Какой бы злодей ни предстал перед судом — вор скажет судьям: «Глава государства украл в государственном банке двадцать пять миллионов»; лжесвидетель скажет: «Глава государства принес присягу перед богом и людьми и нарушил ее»; тот, кто сажал невинных людей в тюрьму, скажет: «Глава государства, преступив все законы, арестовал и бросил в тюрьму депутатов суверенного народа»; мошенник скажет: «Глава государства мошеннически захватил полномочия, захватил власть, завладел Тюильри»; фальшивомонетчик скажет: «Глава государства подделал выборы»; грабитель с большой дороги скажет: «Глава государства украл кошелек у принцев Орлеанских»; убийца скажет: «Глава государства расстреливал из ружей и пушек, рубил саблей и убивал прохожих на улицах»; и все вместе — мошенник, фальшивомонетчик, лжесвидетель, грабитель, вор, убийца — воскликнут: «И вы, судьи, пошли и поклонились этому человеку, вы восхваляли его за клятвопреступление и за подлог, прославляли за мошенничество, поздравляли с удачным воровством и благодарили за убийства! Так чего же вы хотите от нас?»
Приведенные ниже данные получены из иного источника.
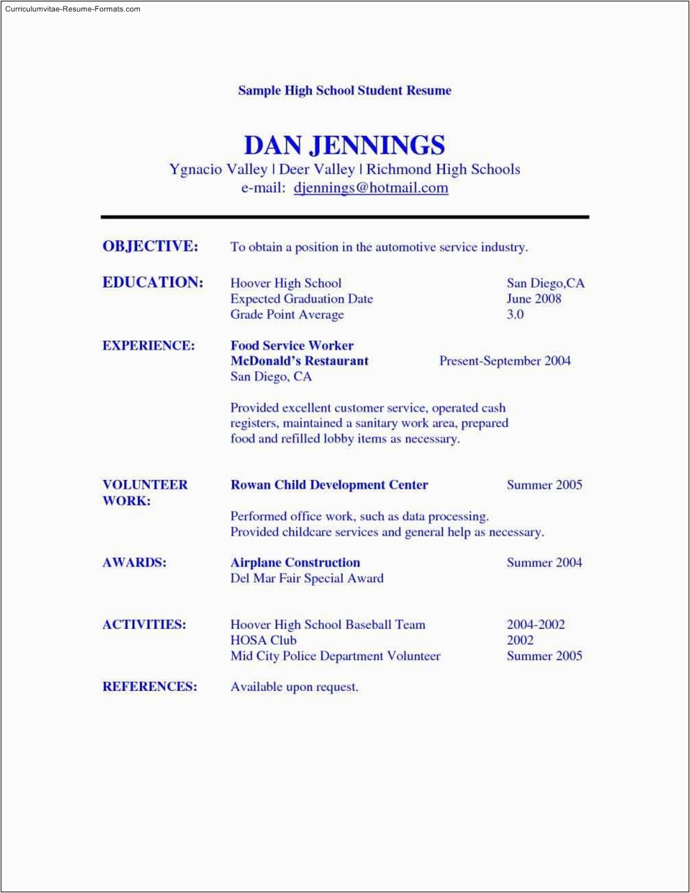 There are hence many options for you as you search for the perfect printable sample resume for high school student, and bearing in mind some hard enactment and perseverance upon your part, you will locate yourself as soon as a first-class resume in no time, and hopefully, a first-class employer, as well!. For more recommendation on resumes or for a printable sample resume for high school student checkout this recommended websites.
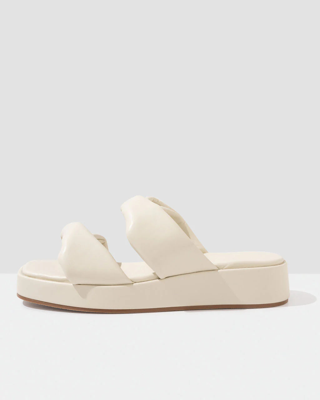 NOT ELIGIBLE FOR DISCOUNT. Platform Height: 1.5" Open Toe Faux Leather Padded Footbed

Как видите, положение серьезное. Примириться с таким положением — значит совершить еще одну низость.

Пора, повторяем, пора покончить с этой чудовищной спячкой совести. Нельзя допустить, чтобы после этого ужасного позора — торжества преступления, человечеству пришлось пережить еще более страшный позор: равнодушие цивилизованного мира.

Если же это случится, — История не преминет выступить мстительницей. А теперь долг каждого честного человека — отвратить лицо свое от этой всеразъедающей подлости и, подобно раненому льву, ищущему уединения и скрывающемуся в необозримой пустыне, укрыться в безграничном презрении.

IV Пробуждение наступит

Но этого не случится: пробуждение наступит.
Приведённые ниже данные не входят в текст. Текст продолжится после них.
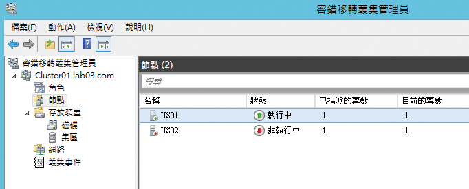 完成容錯移轉叢集的功能安裝後,還必須到「控制台」中開啟「iSCSI啟動器」,完成前面所講解過的iSCSI Target連線,然後進行叢集磁碟代號的設定。接著回到「容錯移轉叢集管理員」介面,切換至「節點」頁面並點選「動作」窗格內的「新增節點」。
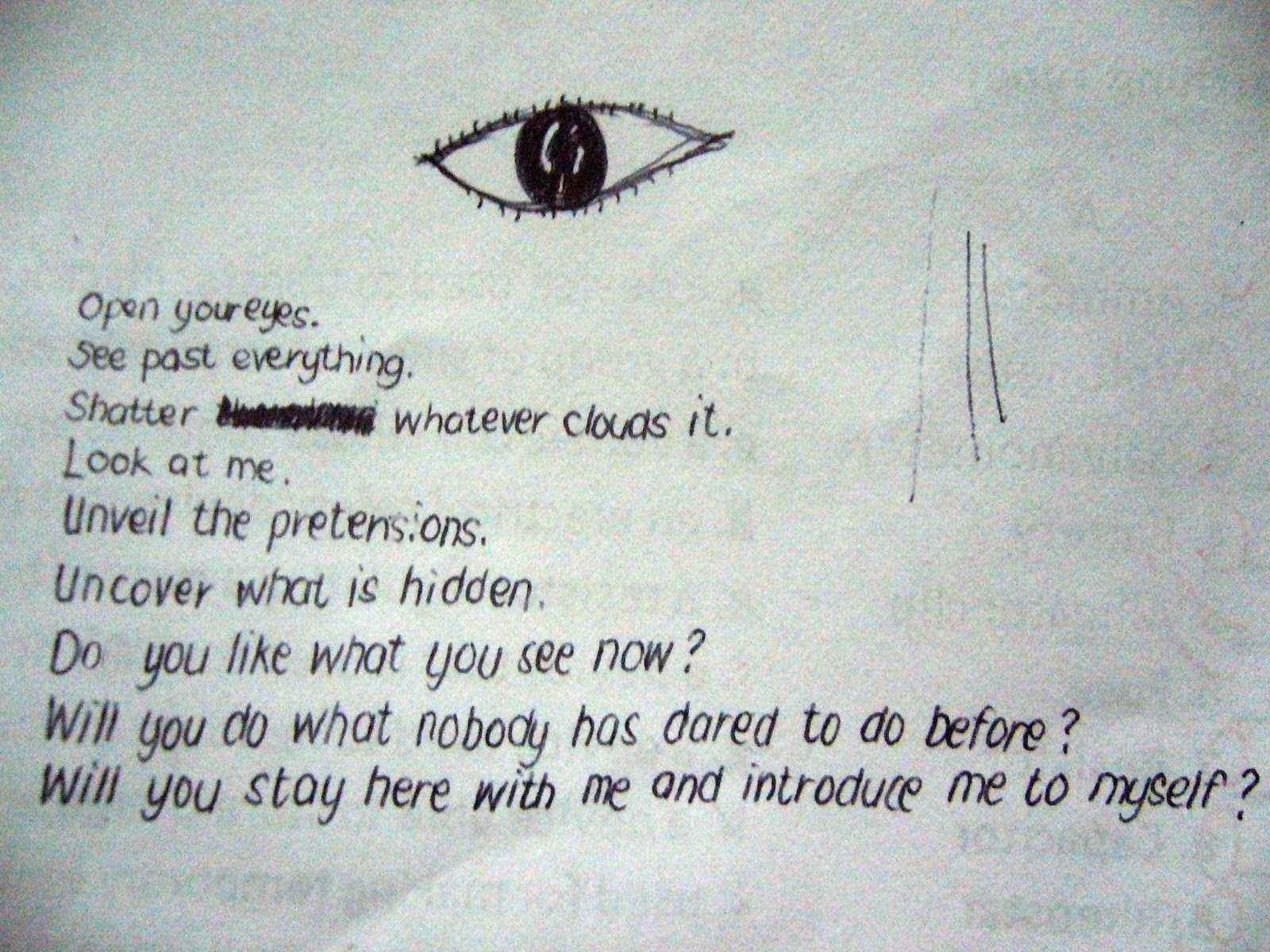 Unveil My Eyes / In the morning when i wipe my brow wipe the miles away i like to think i can be so willed and never do what you say i'll never hear you and never do what you say.

Наша книга ставит себе целью встряхнуть, разогнать эту спячку. Даже и в летаргическом сне Франция не должна попустительствовать этому правительству. Бывают минуты, когда обстоятельства складываются так грозно, что уснуть под этой нависшей над вами угрозой значит умереть.

Прибавим к тому же, что Франция, как это ни странно, до сих пор ничего не знает о том, что произошло начиная со 2 декабря, а если и знает, то очень мало, и в этом ее оправдание. Однако благодаря нескольким мужественным и благородным выступлениям в печати многие факты начали выплывать наружу. Наша книга должна пролить свет на некоторые из этих фактов и, если дозволит провидение, показать их в подлинном виде. Важно, чтобы люди имели хоть некоторое представление о том, что такое Бонапарт. Сейчас, вследствие запрещения собраний, запрещения печати, запрещения слова, запрещения свободы и правды, запрещения, которое позволило Бонапарту совершать все, что угодно, но в то же время сделало недействительными все его мероприятия до единого, включая сюда и пресловутое голосование 20 декабря, — вследствие полного подавления какого бы то ни было протеста и всего, что могло бы пролить свет на события, — ничто, ни один человек, ни один факт, не представляется в своем настоящем виде, не носит своего настоящего имени. Преступление Бонапарта — не преступление: оно называется необходимостью. Предательство Бонапарта — не предательство: оно называется защитой порядка. Грабежи Бонапарта — не грабежи: они называются государственными мероприятиями. Убийства, совершенные Бонапартом, — не убийства: они называются общественной безопасностью. Соучастники Бонапарта — не злодеи: они называются судьями, сенаторами, советниками. Противники Бонапарта — не поборники закона и права: они называются бунтовщиками, демагогами, смутьянами. Для Франции, для всей Европы Второе декабря еще скрыто под маской. Эта книга — не что иное, как рука, протягивающаяся из темноты и срывающая маску.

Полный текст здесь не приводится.